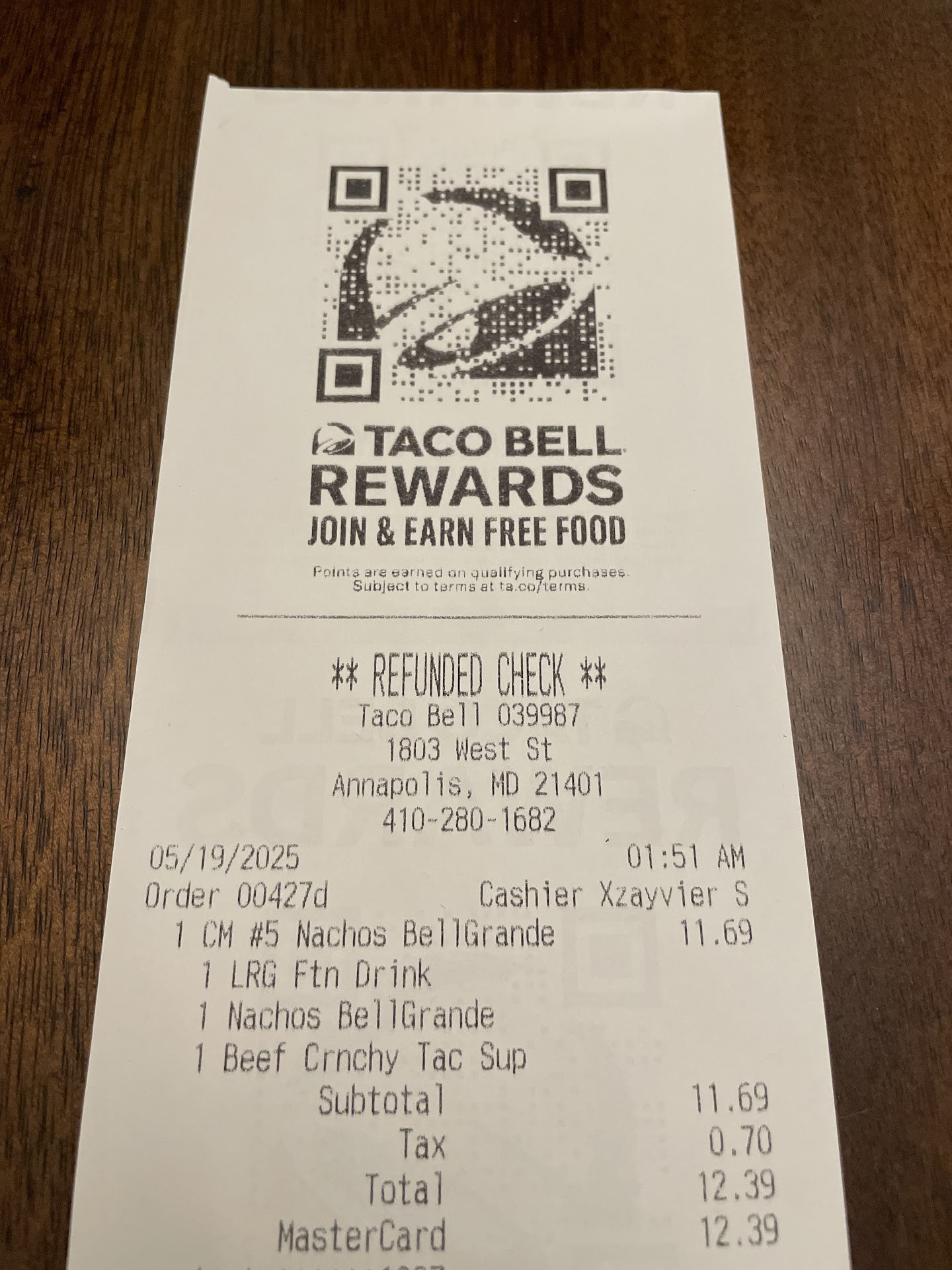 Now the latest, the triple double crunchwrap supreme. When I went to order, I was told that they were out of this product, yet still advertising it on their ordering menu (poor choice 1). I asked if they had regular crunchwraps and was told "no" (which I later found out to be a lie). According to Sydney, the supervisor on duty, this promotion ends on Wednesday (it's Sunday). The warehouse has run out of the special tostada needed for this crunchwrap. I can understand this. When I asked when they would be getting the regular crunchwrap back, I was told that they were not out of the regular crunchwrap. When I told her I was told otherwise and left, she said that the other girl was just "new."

··········

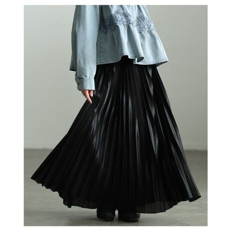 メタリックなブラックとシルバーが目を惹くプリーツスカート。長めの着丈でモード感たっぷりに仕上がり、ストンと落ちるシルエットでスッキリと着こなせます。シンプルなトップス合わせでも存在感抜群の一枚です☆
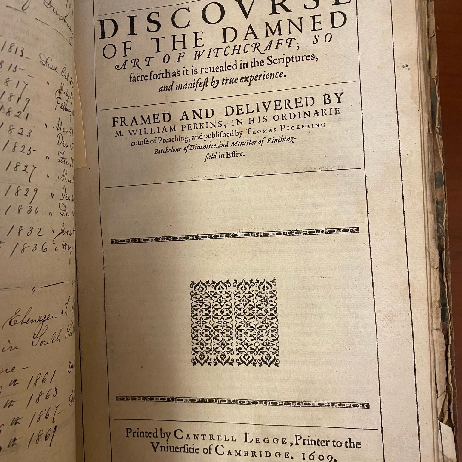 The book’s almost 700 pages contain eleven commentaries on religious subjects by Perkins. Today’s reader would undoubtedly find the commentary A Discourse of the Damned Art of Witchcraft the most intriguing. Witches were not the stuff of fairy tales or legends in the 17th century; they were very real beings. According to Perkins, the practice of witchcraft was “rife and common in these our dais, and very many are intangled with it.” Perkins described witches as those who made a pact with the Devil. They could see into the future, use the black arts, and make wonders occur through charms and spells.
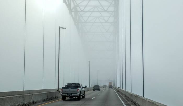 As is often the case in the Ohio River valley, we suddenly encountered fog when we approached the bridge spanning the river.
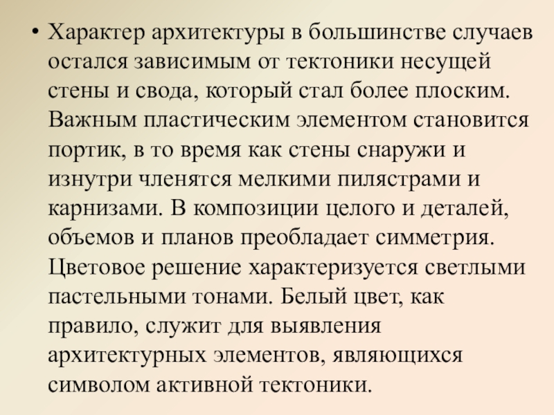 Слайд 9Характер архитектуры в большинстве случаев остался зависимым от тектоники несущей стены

··········

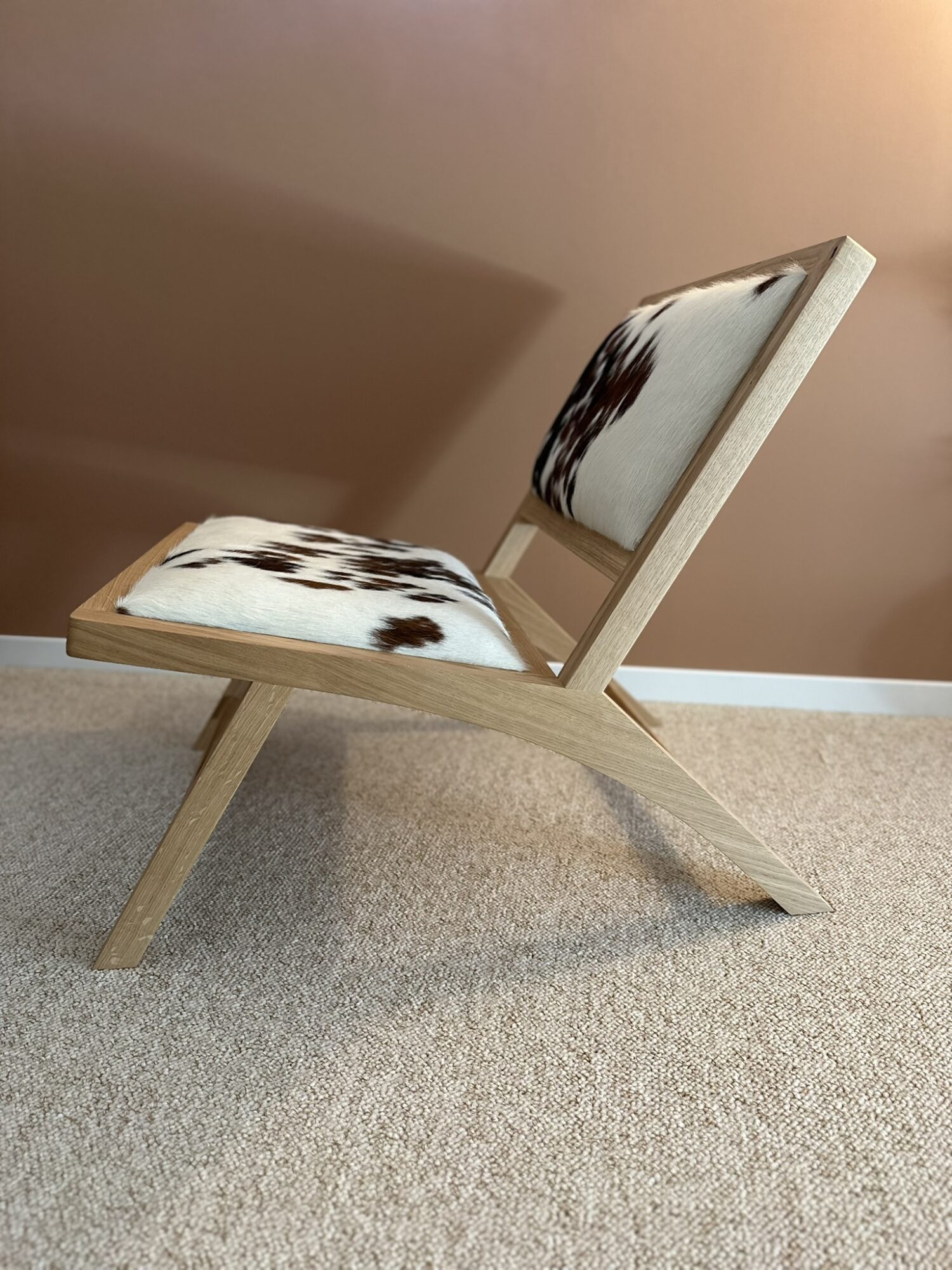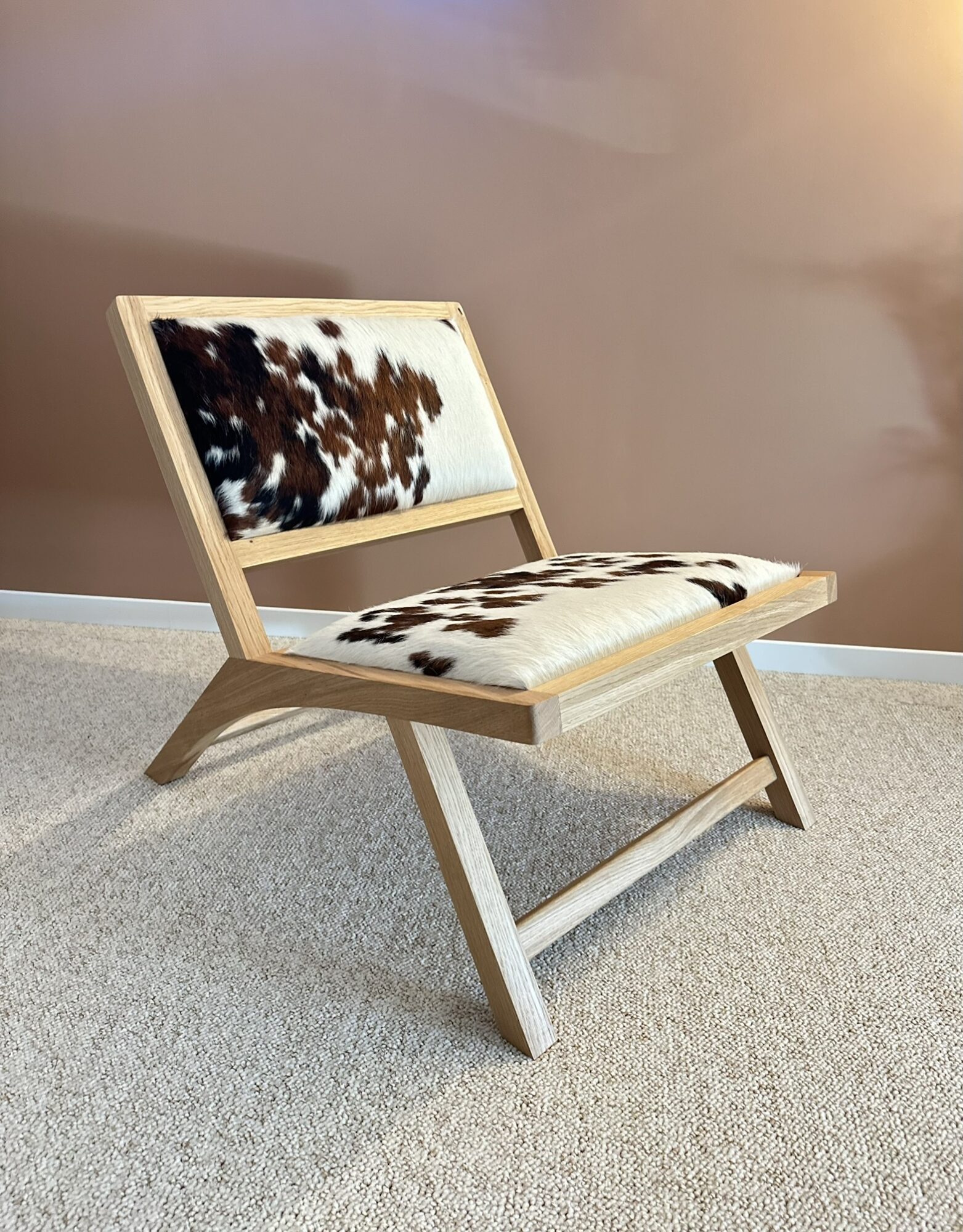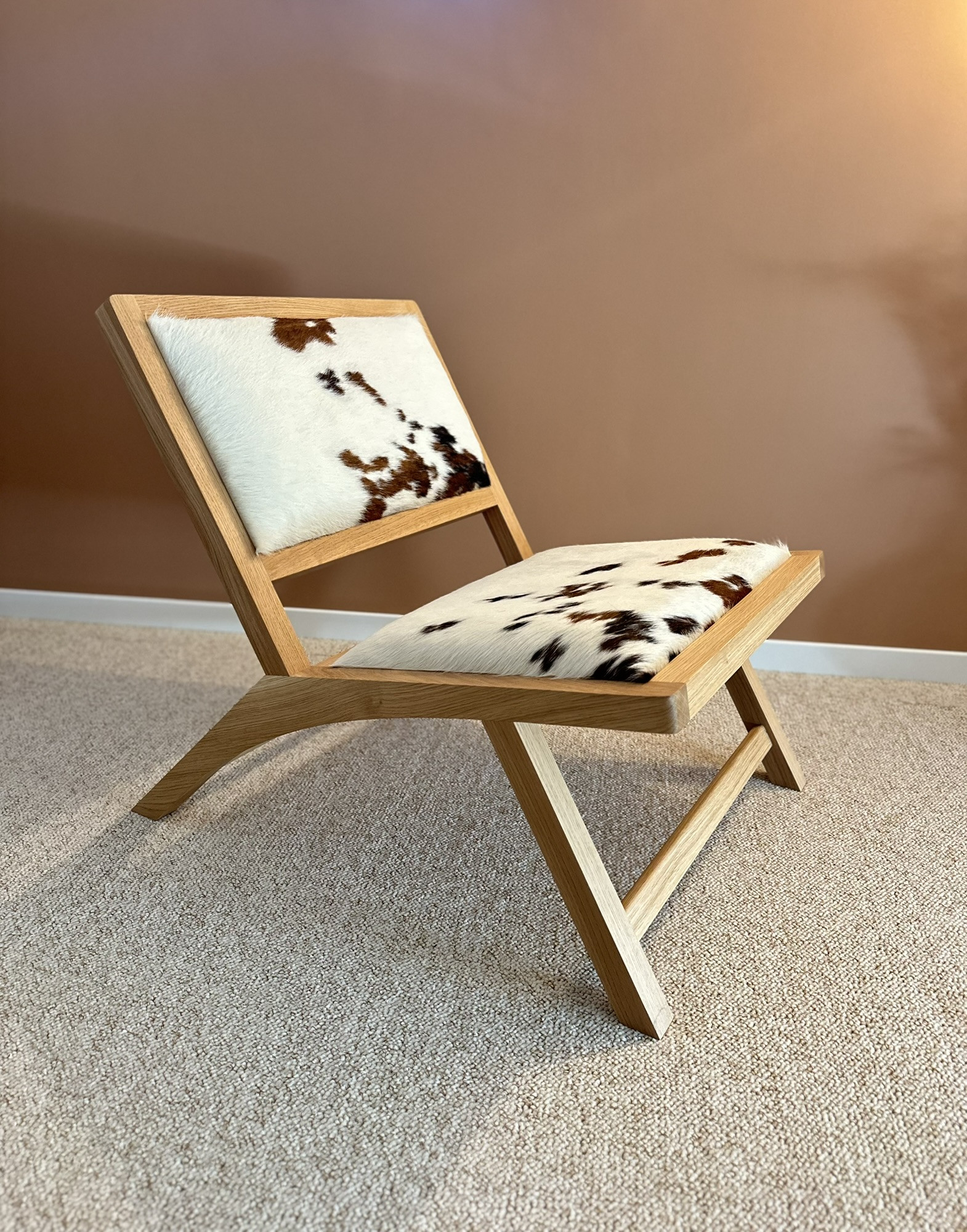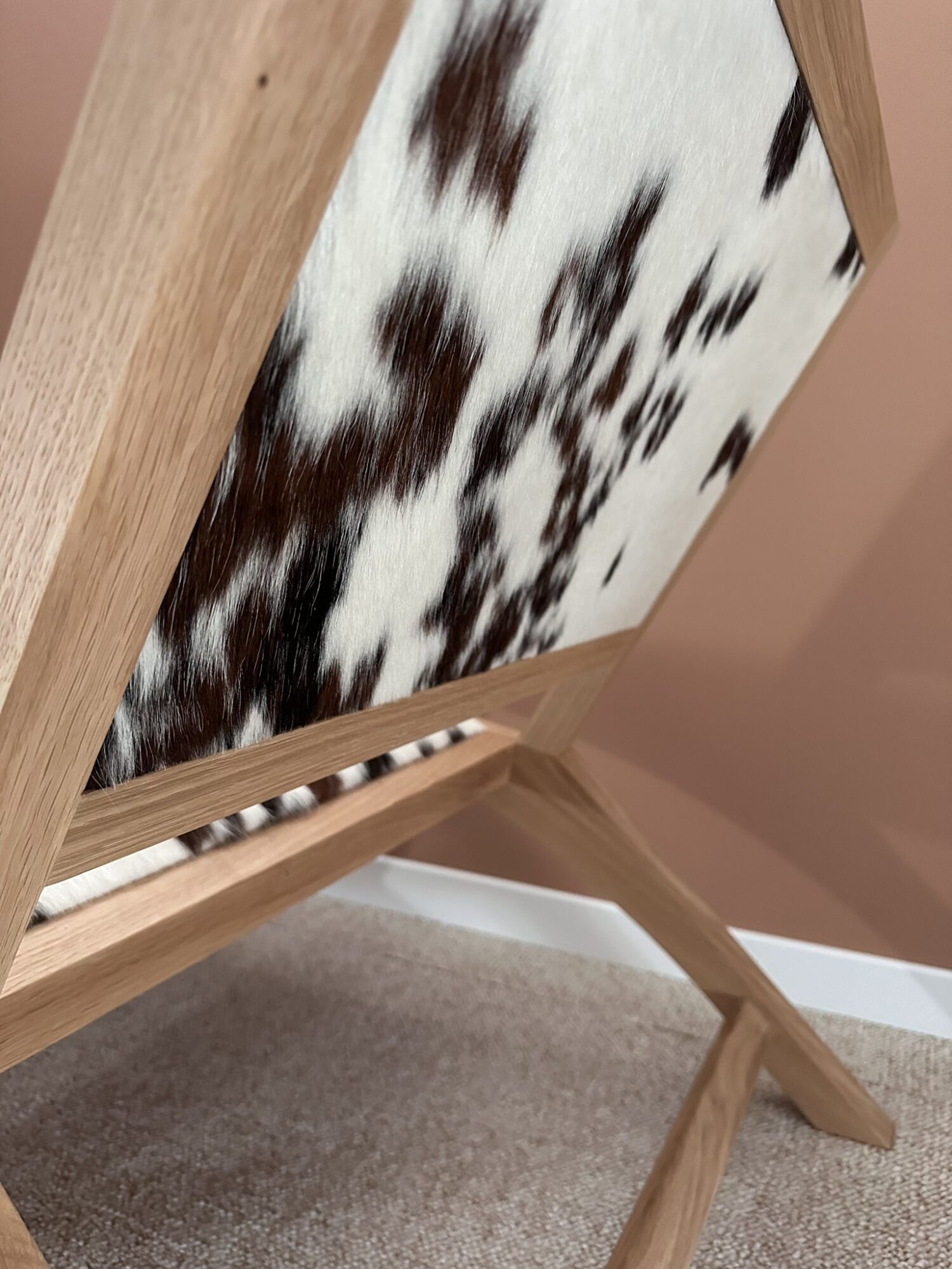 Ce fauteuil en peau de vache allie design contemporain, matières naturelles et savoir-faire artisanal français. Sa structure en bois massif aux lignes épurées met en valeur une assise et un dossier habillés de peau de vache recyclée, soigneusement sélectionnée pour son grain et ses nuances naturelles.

··········

Looking above, find the stretch of lines that opens with the one holding "The book’s almost" and closes with the one holding "Слайд 9Характер архитектуры". Copy it exactly, pictures excluded.

 The book’s almost 700 pages contain eleven commentaries on religious subjects by Perkins. Today’s reader would undoubtedly find the commentary A Discourse of the Damned Art of Witchcraft the most intriguing. Witches were not the stuff of fairy tales or legends in the 17th century; they were very real beings. According to Perkins, the practice of witchcraft was “rife and common in these our dais, and very many are intangled with it.” Perkins described witches as those who made a pact with the Devil. They could see into the future, use the black arts, and make wonders occur through charms and spells.
 As is often the case in the Ohio River valley, we suddenly encountered fog when we approached the bridge spanning the river.
 Слайд 9Характер архитектуры в большинстве случаев остался зависимым от тектоники несущей стены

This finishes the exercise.